Chatbots are currently seeing extensive
implementation in online customer services,
appointment booking (doctor’s appointment,
business appointments etc.), providing
psychological counselling, and question
answering. Bots like Facebook messenger chatbot
allows businesses to communicate effectively
with their customers.
Such chatbots can range from simple domainspecific question answering bots to more random
chatter bot which can even simulate personality
traits such as empathy, sense of humour,
compassion etc.
The generative chatbot built for this paper uses a
transformer architecture and the Retrieval based
bot uses a Deep Neural Net architecture. A
generative Transformer model takes each word of
an input sequence, processes them in parallel and
outputs the probability of the next word in the
output sequence. The Transformer model
implemented in this paper is based directly on
the paper by Vaswani et. al., 2017 [1], which first
brought transformers into existence.
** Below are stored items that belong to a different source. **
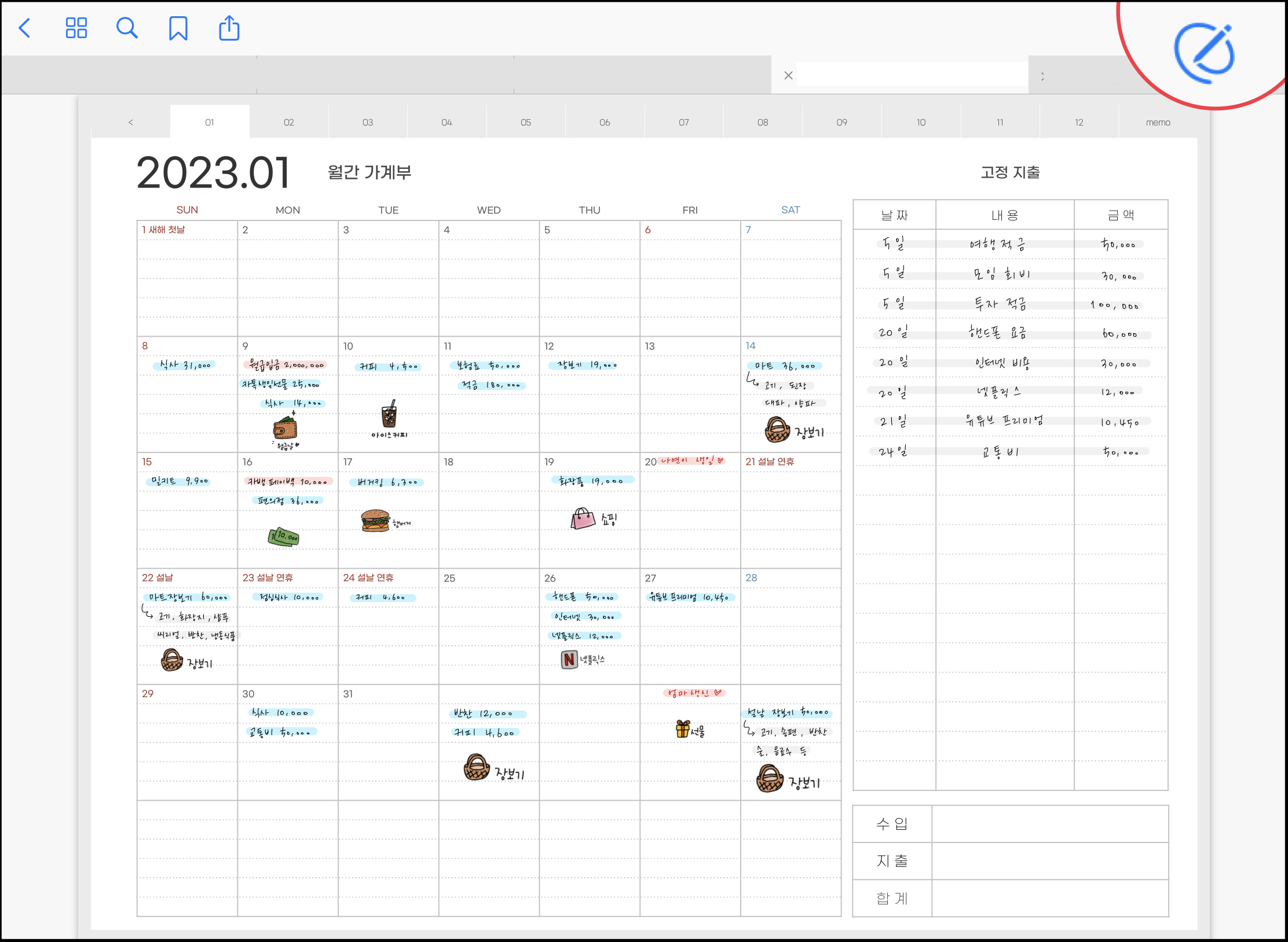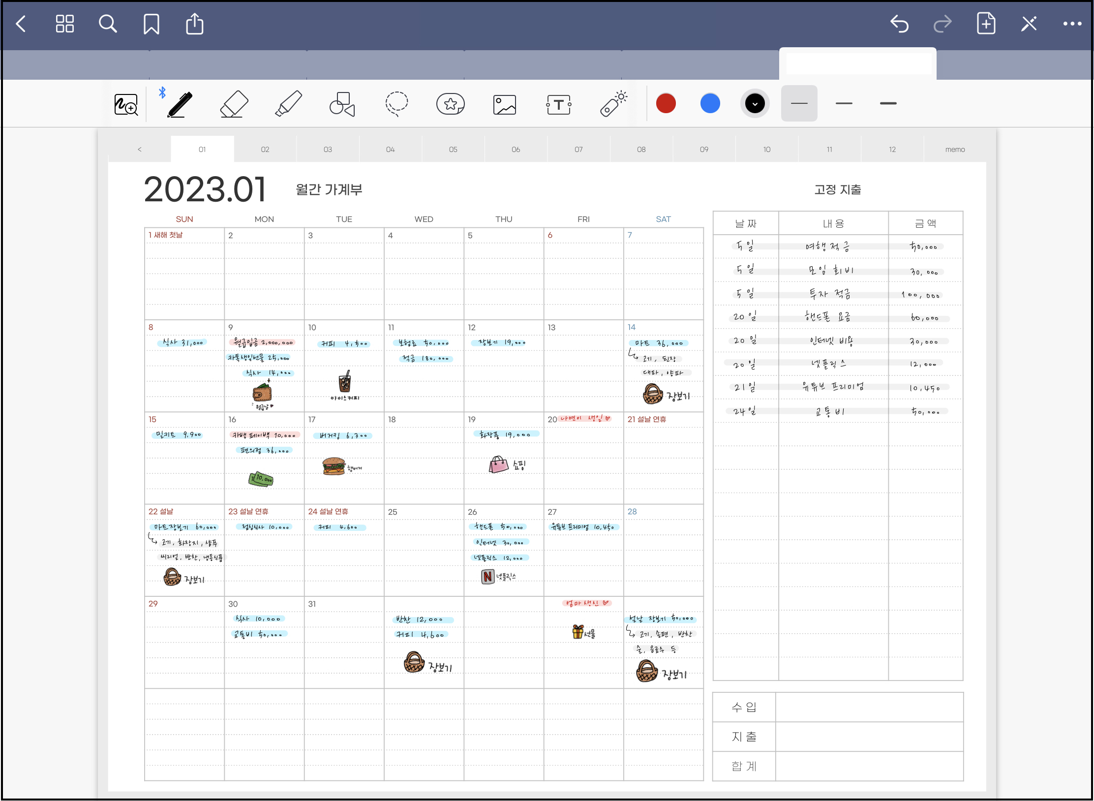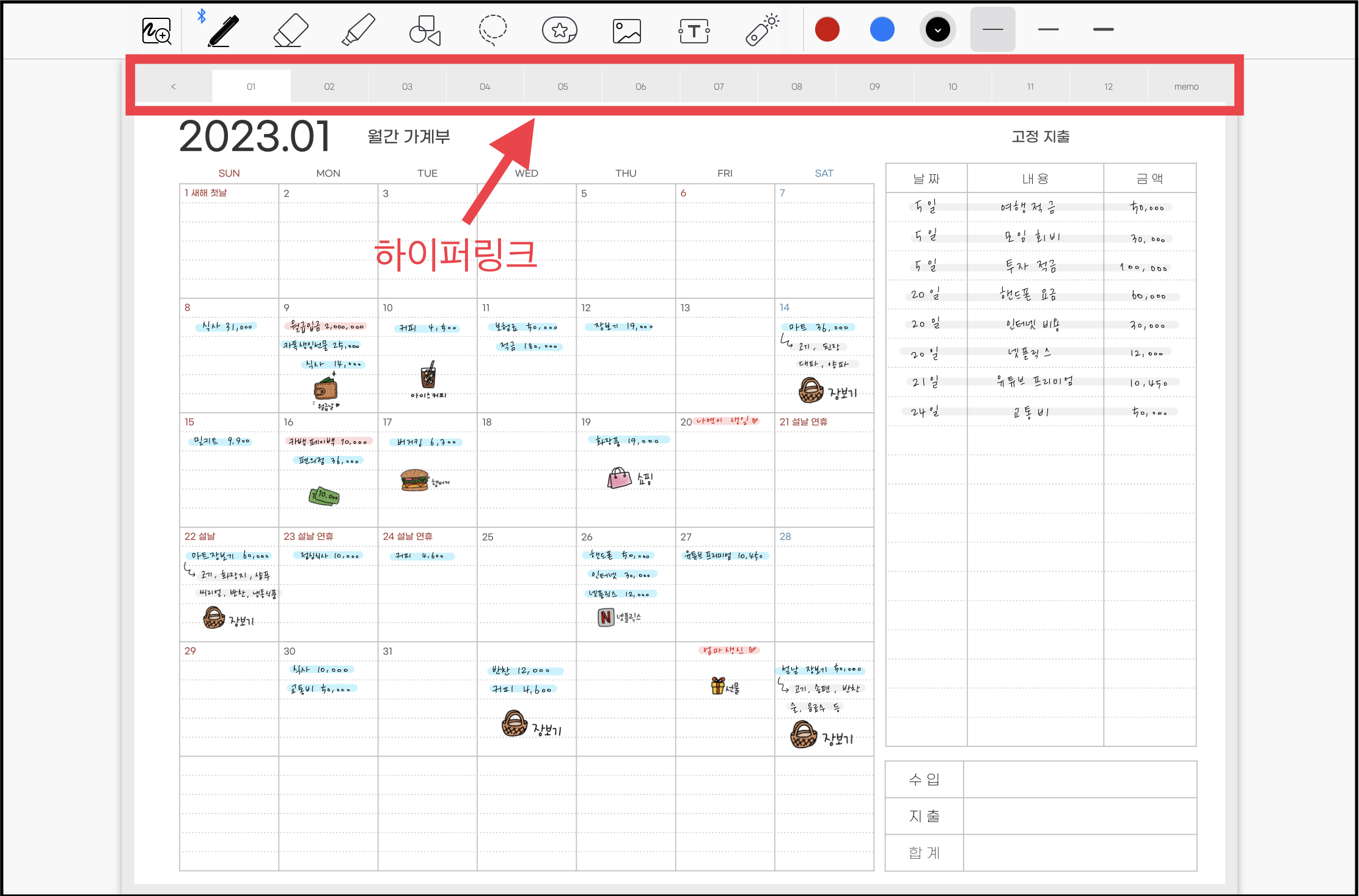 굿노트 2023년 월간 가계부 속지 다운로드 하이퍼링크 pdf (2023년 1월부터 12월까지 / Goodnotes CashBook)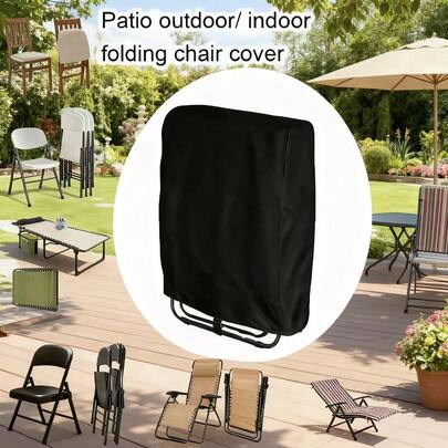 1pc Waterproof And Dustproof 210D Oxford Fabric Folding Chair Cover, Courtyard Indoor Folding Chair Dust-Proof Storage Cover,Black,Beach,Summer,Vacation,Holiday,Travel Essential,Going Out Tops,Household Items - Black - View 1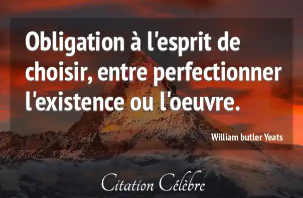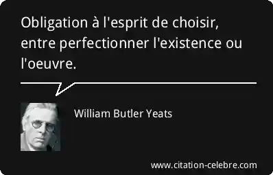 Obligation à l'esprit de choisir, entre perfectionner l'existence ou l'oeuvre.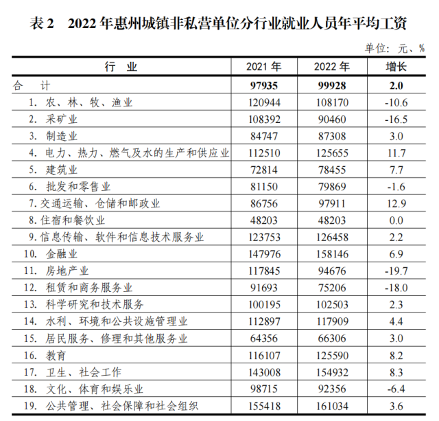 99928元!2022年惠州城鎮(zhèn)單位就業(yè)人員年平均工資出爐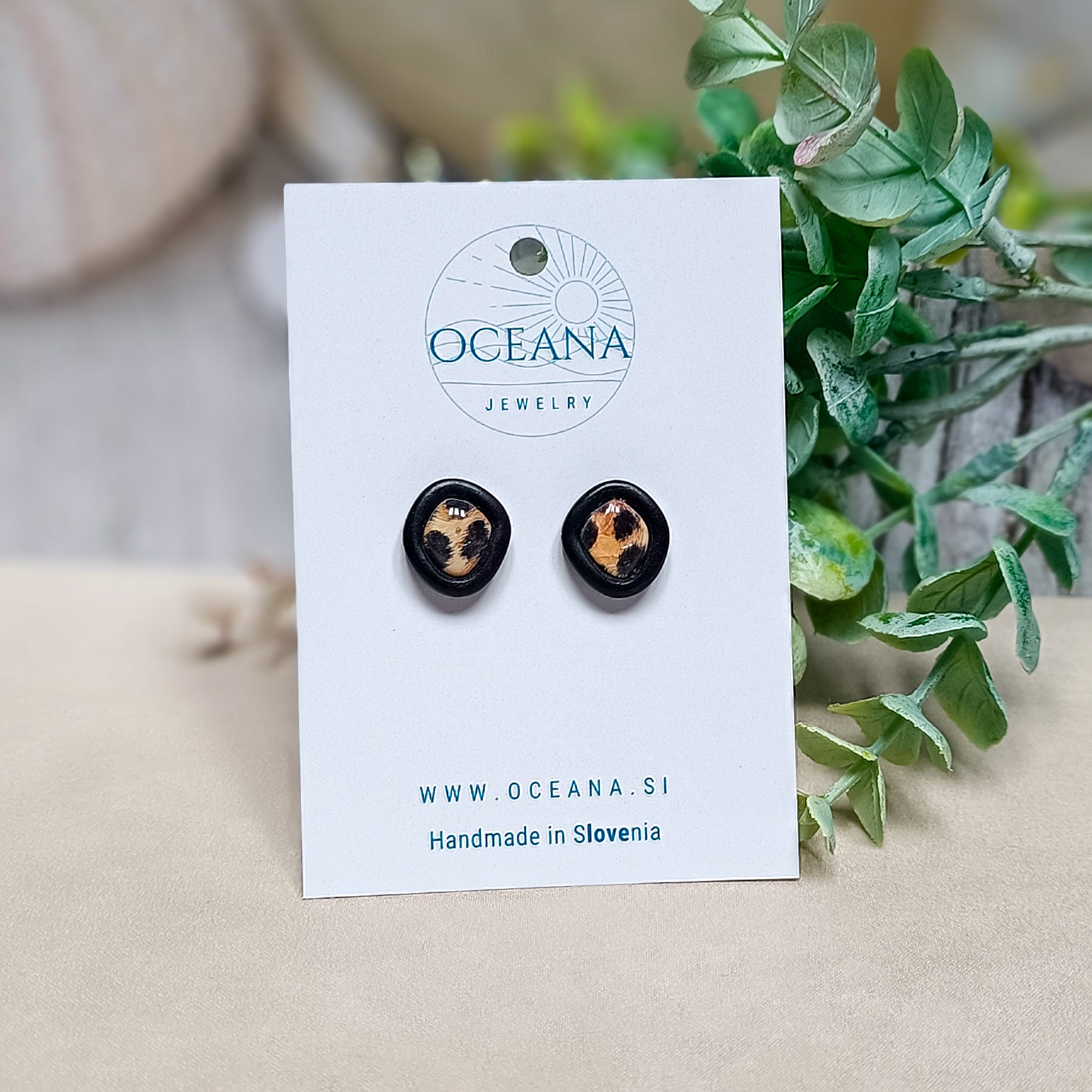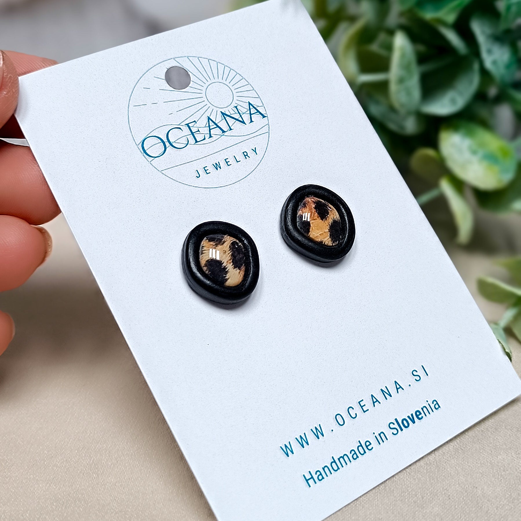 Dodaj svojemu videzu kanček divje elegance z ročno izdelanimi uhani iz polimerne gline. Vsak par je skrbno oblikovan in prekrit z bleščečo plastjo smole za gladek in obstojen izgled.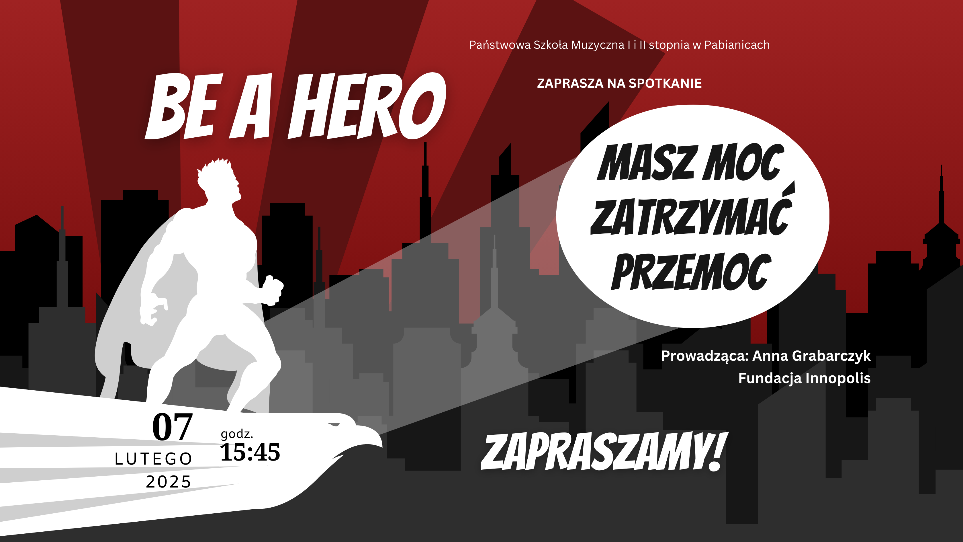Państwowa Szkoła Muzyczna I i II st w Pabianicach zaprasza uczniów klas IV-VI cyklu 6-letniego i klas I-IV cyklu 4-letniego PSM I st. na warsztaty "Be a hero - masz moc zatrzymać przemoc", które poprowadzi Anna Grabarczyk z Fundacji Innopolis.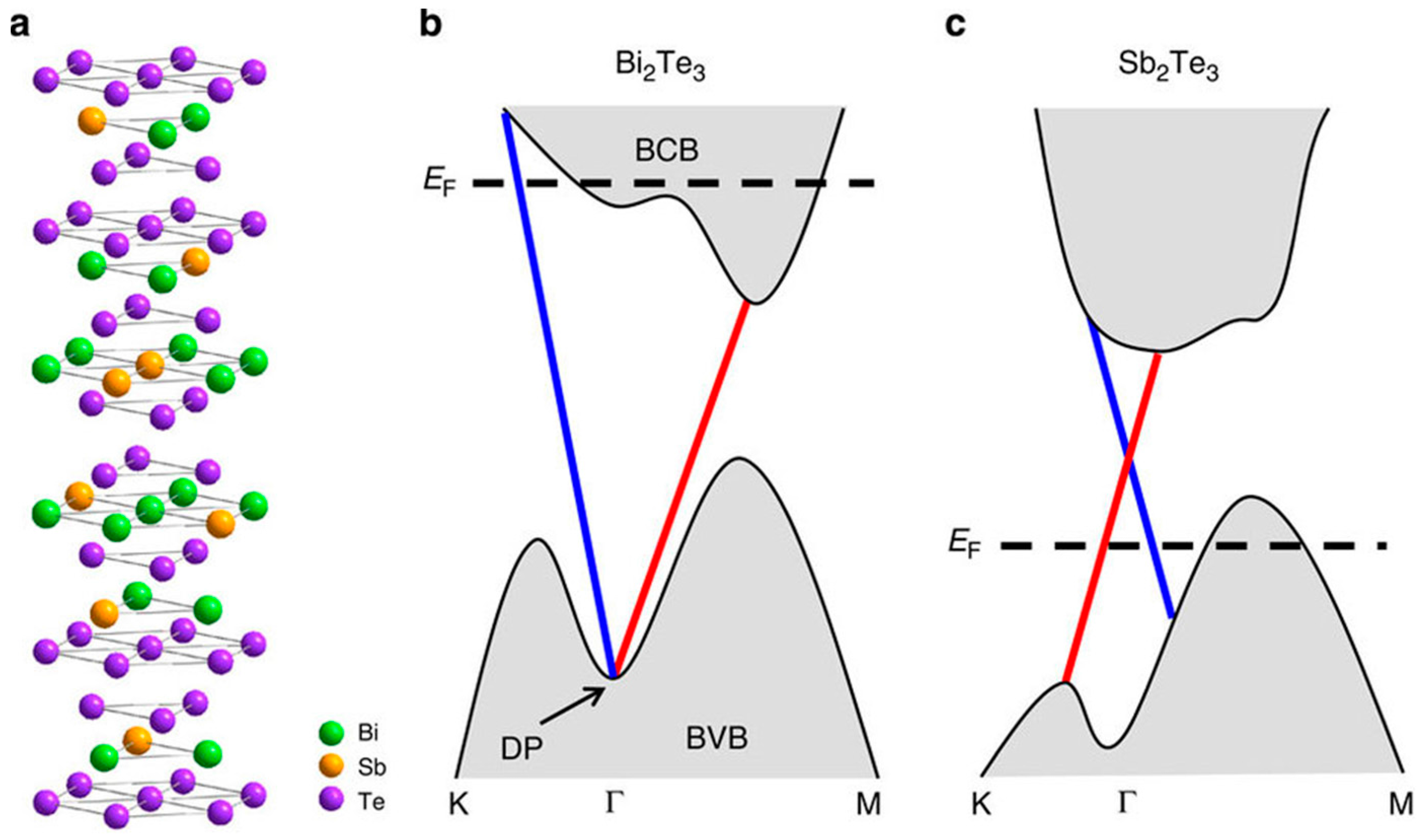 (a) Crystal structure of (BixSb1−x)2Te3 alloy. Bi2Te3 tends to have a Fermi level above the Dirac point as shown by the band structure diagram in (b) while Sb2Te3 tends to have a Fermi level below the Dirac point as shown by the band structure diagram in (c). Alloys are predicted to have a Fermi level tunable across the Dirac point. Reproduced with permission from Zhang et al., Nature Communications; published by Nature Publishing Group, 2011 [119].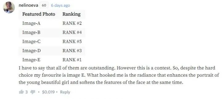 Note: We will count the numbers of upvoters to your comment and not the amount of rewards of your comment.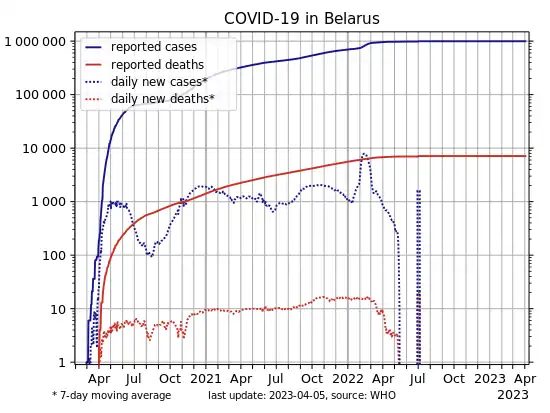 - ↑ "COVID-19 Technical mission of experts to the Republic of Belarus: 8–11 April 2020. Executive summary". euro.who.int. 28 April 2020. Archived from the original on 14 July 2020. Retrieved 29 April 2020.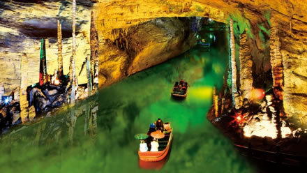響水河是黃龍洞內三條地下陰河中的一條,位于第二層。它全長2800米,平均水深平6米,最深處有12米,目前乘船游覽其中的一段為800米,時間約8分鐘左右。響水河平均水溫常年在攝氏16度左右,盛產國家二級保護動物娃娃魚和通體透明的“玻璃魚”。蕩舟響水河,沿途充滿神秘誘惑的風景,如龍王金盔、海螺吹天等景點都值得您慢慢欣賞和品味。空谷幽邃,岸危穹高。忽仰忽傾,若明若暗,恍若回到混沌的遠古時代。1992年聯(lián)合國世界自然遺產專家盧卡思考察響水河時,稱贊道:“黃龍洞是我見到的最漂亮的溶洞,還有這么美的陰河,真是不可思議!”

The
Transformer model discussed in this paper had
been trained on the WMT 2014 English-German
dataset, which is an English to German
translation dataset consisting of about 4.5 million
sentence pairs and on the significantly larger
WMT2014 English-French translation dataset
consisting of 36M sentences and split tokens into
a 32000 word-piece vocabulary. This is also the
base model for many architectures performing
different NLP tasks, including building chatbots.
This model does quite well on Neural Machine
Translation tasks, with a BLEU score of 41.0 on
the big model trained on English-French dataset.
BLEU score is a popular metric in NLP for
evaluating the quality of a generated sequence by
computing the number of n-grams in the machine
generated sequence matching against the n-grams
in the target sequence provided by a human. An
n-gram here is a n-word ordered set which is a
subsequence of any given sequence. In the Neural
Machine Translation task, a model learns to relate
words/phrases of the input language to
words/phrases of the target language. When it
comes to building a chatbot, this particular base
model needs to be altered to do the job. The
Blenderbot (Roller et. al., 2020) [2] uses the
transformer of [1] as its base model and builds
three different architectures on top of this base
model: a retrieval-based architecture, a generative
architecture and a retrieve-and-refine model. The
retrieval-based architecture of Blenderbot uses
two poly-encoder models (Humeau et. al., 2020)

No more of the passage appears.